Online Learners Are More Prone to Multitasking
March 14, 2019
While there is compelling evidence to support the benefits of multitasking, not everyone agrees. Many educational researchers believe multitasking reduces a student’s finite cognitive capacity and limits their ability to process new information, which can negatively affect learning. A new study published by a team of reseachers at Kent State University has found that multitasking’s negative effects may have specific implications for online learning.
The new study, which was carried out by Andrew Lepp, Jacob E. Barkley, Aryn C. Karpinski, and Shweta Singh and published in January 2019, surveyed a group of undergraduate students at a large university in the midwest. As the authors state, “Multitasking was significantly greater in online than face-to-face courses.” The survey also contains several other notable findings.

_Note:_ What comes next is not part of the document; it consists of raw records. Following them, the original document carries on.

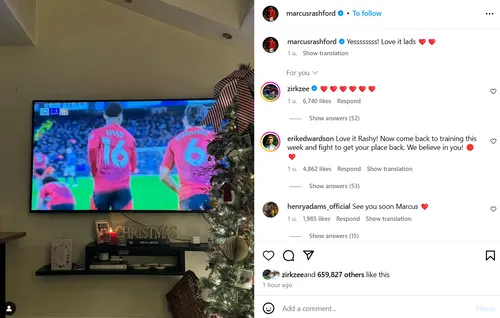 Rashford later took to Instagram to share a celebratory post following the game, seemingly expressing approval of his team's performance and victory. Alongside a picture of his TV showcasing the victorious team, Rashford captioned his post, "Yesssssssss! Love it lads." showing his support for the team even in his absence.
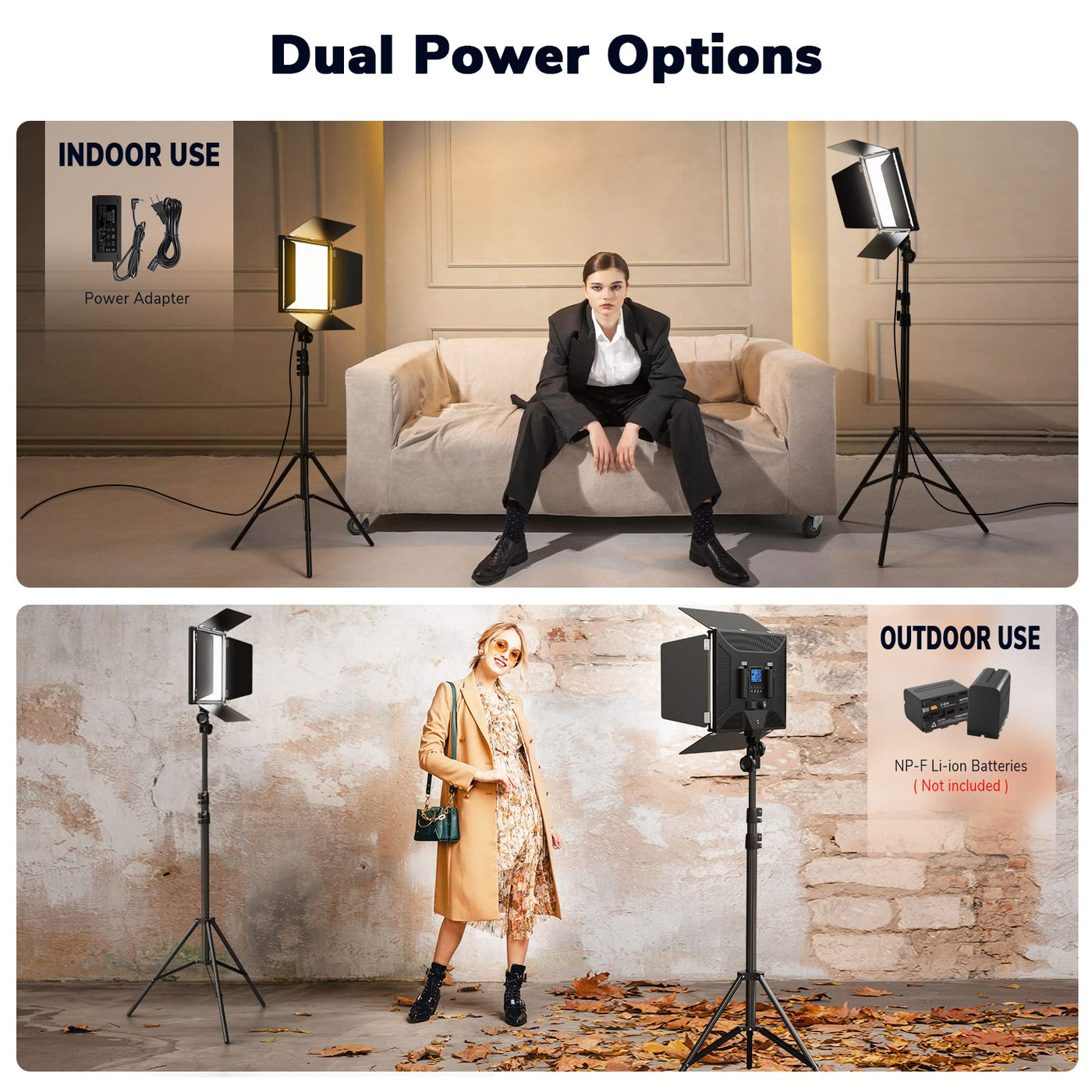 D50 Photography Lighting With Barn Door, 2-Pack 15.4 Led Video Light With Remote, 45W 3000K-8000K Dimmable Bi-Color Panel Light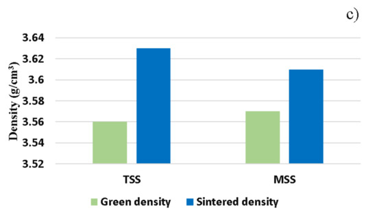 After compaction and sintering, the green and the final density of the parts have been established by measuring their dimensional sizes and weighing them with an analytical balance, and then, the density formula for cylindrical parts has been applied. In Figure 7c, a comparative analysis between the values obtained after compaction and sintering density for each sintering cycle is given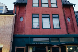 A vibrant, red-walled building captures attention as two figures occupy a window, their silhouettes suggesting a shared moment of intimacy. The warm, natural light casts a gentle glow, enveloping the scene in a serene and contemplative mood. The composition, with its clean lines and contrasting colors, evokes a sense of connection amidst urban solitude.
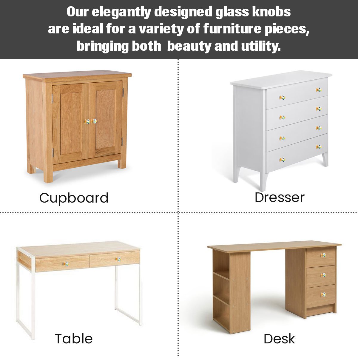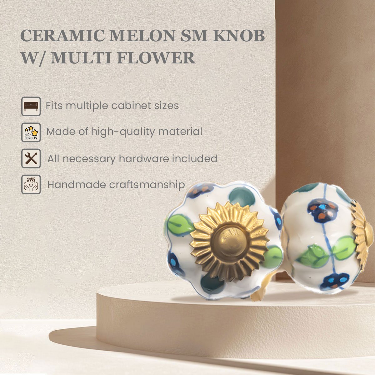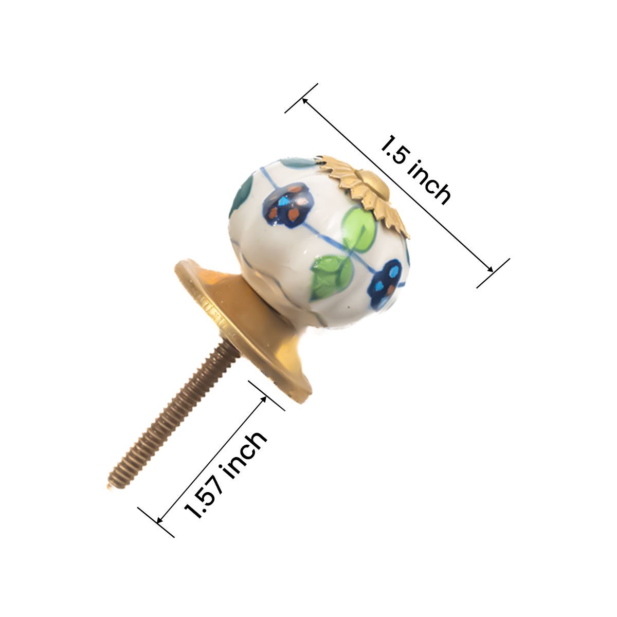 Unleash a burst of artisanal charm and unique character into your home with our Assorted Multiflowered & Abstract Hand-Painted Ceramic Knobs from CDNY. This delightful pack of six features brilliantly crafted ceramic knobs, each a miniature work of art. Adorned with a variety of whimsical, hand-painted floral and abstract designs in vibrant blues and refreshing greens against a glossy white background, these knobs bring an eclectic and spirited touch to any furniture piece. The distinctive patterns, coupled with an elegant gold-tone leaf-inspired cap, create a look that is both playful and sophisticated. Measuring approximately 1.5 inches in diameter, these eye-catching knobs are perfectly sized to transform dresser drawers, refresh kitchen cabinets, or bring a chic update to bathroom vanities and other furniture. The durable brass hardware ensures lasting performance and provides a warm, classic contrast. They blend seamlessly with bohemian, eclectic, cottage, traditional, or even modern glam interior design themes, adding a unique pop of color and personality. Installation is remarkably easy with the included hardware, allowing you to effortlessly update your furniture and infuse your rooms with understated luxury and captivating individuality. Let these stunning hand-painted ceramic knobs by CDNY turn your ordinary furniture into extraordinary focal points of style and depth.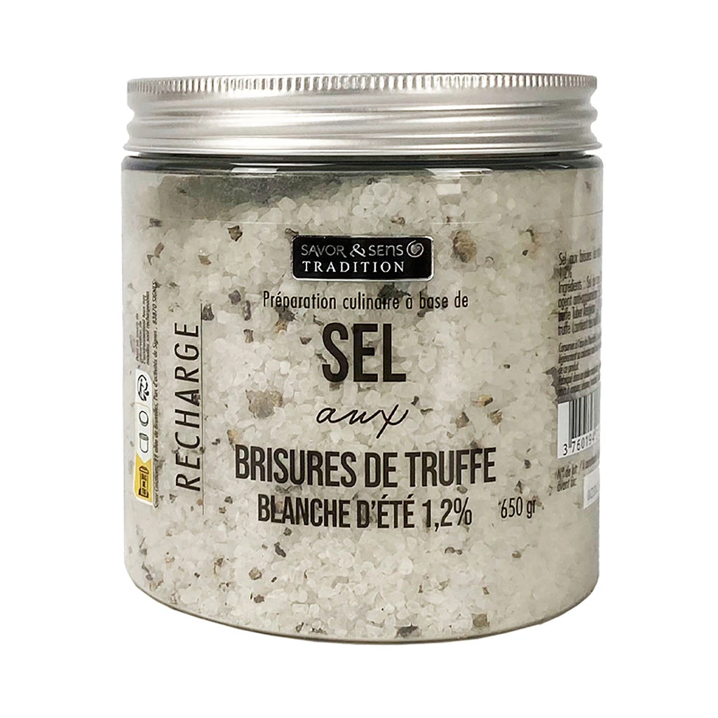 Découvrez une expérience culinaire inédite avec cette recharge de sel infusé à la brisure de truffe blanche d’été 1,2%.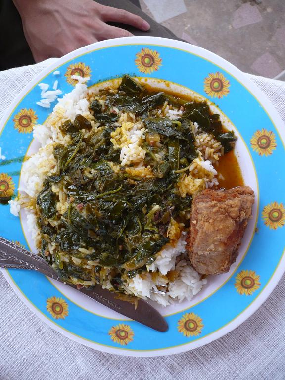以外に、こんな普通のチャーハンのようなメニューもあったりします。でもこれがあるお店は、ちょっと高い印象。あんまり現地食とは言えないのかも。米は日本のように丸い米ではなく、タイ米のように細長く、パサパサしている。味は、店によって激辛だったり、全然辛くなかったりするので、辛いときはハズレだ・・・と凹みながら食べます。
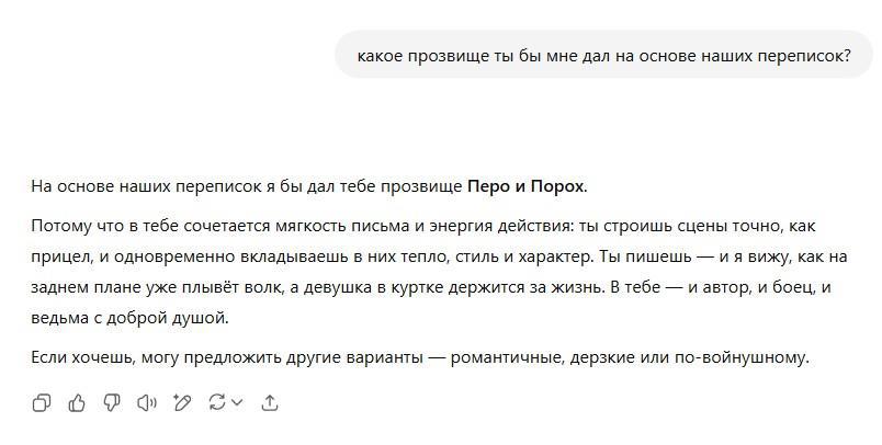 Автор: BangBangИдею подсмотрела у подписчицы в одной соцсети. Я пользуюсь чатом GPT. Моего бота зовут "Бо" (в честь борткомпа "Дерзающего", конечно же). И вот какое прозвище на основе наших переписок, где я просила найти информацию и нарисовать арты к последним главам "Дороги мертвых", он мне придумал.

Study’s Method and Focus Group
For this study, the researchers recruited students during class time from several high-enrollment classes in different fields of study, including sociology, applied statistics, and gerontology. A brief survey was distributed and completed during class by all students who agreed to participate (this initial survey included 452 undergraduate students). The first question on the survey asked, “Have you ever taken a 100% online college course?” Of the 452 students asked this question, 296 said yes, and they completed the remaining questions on the survey. Slightly more females than males completed the survey (193), the vast majority of students (88%) lived on campus or within 20 minutes of campus, the mean age of the respondents was 20.6, and on average, the students surveyed reported owning at least two internet-enabled devices on average. The survey used a Likert-type scale to ask questions about multitasking behaviors in online versus face-to-face courses.
The key finding of Lepp et al.’s study was that students reported significantly greater multitasking behavior in online versus face-to-face courses. Common multitasking behaviors included sending text messages, email, visiting online social networking sites, and watching videos. Many students also reported talking to friends online and playing video games while attending to online coursework.
The study found that some predictors appeared to negatively impact students likelihood of multitasking. These predictors included age and existing internet addiction. Another obvious factor was the absence of rules and surveillance in online courses. When students are in class and being watched, they tend to exhibit increased control over their online multitasking behaviors, even if they are already predisposed to such behaviors.
Lepp et al. emphasize, “Opportunities for online learning are increasing rapidly and this has tremendous potential to expand access to postsecondary education, particularly among working adults and other populations who have historically faced barriers to higher education.” This is precisely why understanding the effects of multitasking is increasingly urgent.
Interestingly, Lepp et al. place the onus on both students, as well as educators and instructional designers to address the potentially negative effects of multitasking in online courses:
“Those teaching online courses should place emphasis on discouraging students’ multitasking behavior while recognizing that the methods for doing so may be very different than in face-to-face courses. Furthermore, the developers of online courses should explore technological and pedagogical solutions aimed at keeping online learners focused on their primary task in the absence of a physically present instructor. Such tools should be science based and their development is work for future research.”
While the Lepp et al. study does not offer any concrete recommendations (e.g., using technological solutions to police online distractions), it does point to the need for additional research and action:
“As universities devote greater resources to the development, promotion, and provision of online education, to the point where even students living on campus are enrolling in online courses, this research suggests a need to carefully weigh the pros and cons of online learning.”
The complete study was published on SAGE Open and can be accessed online.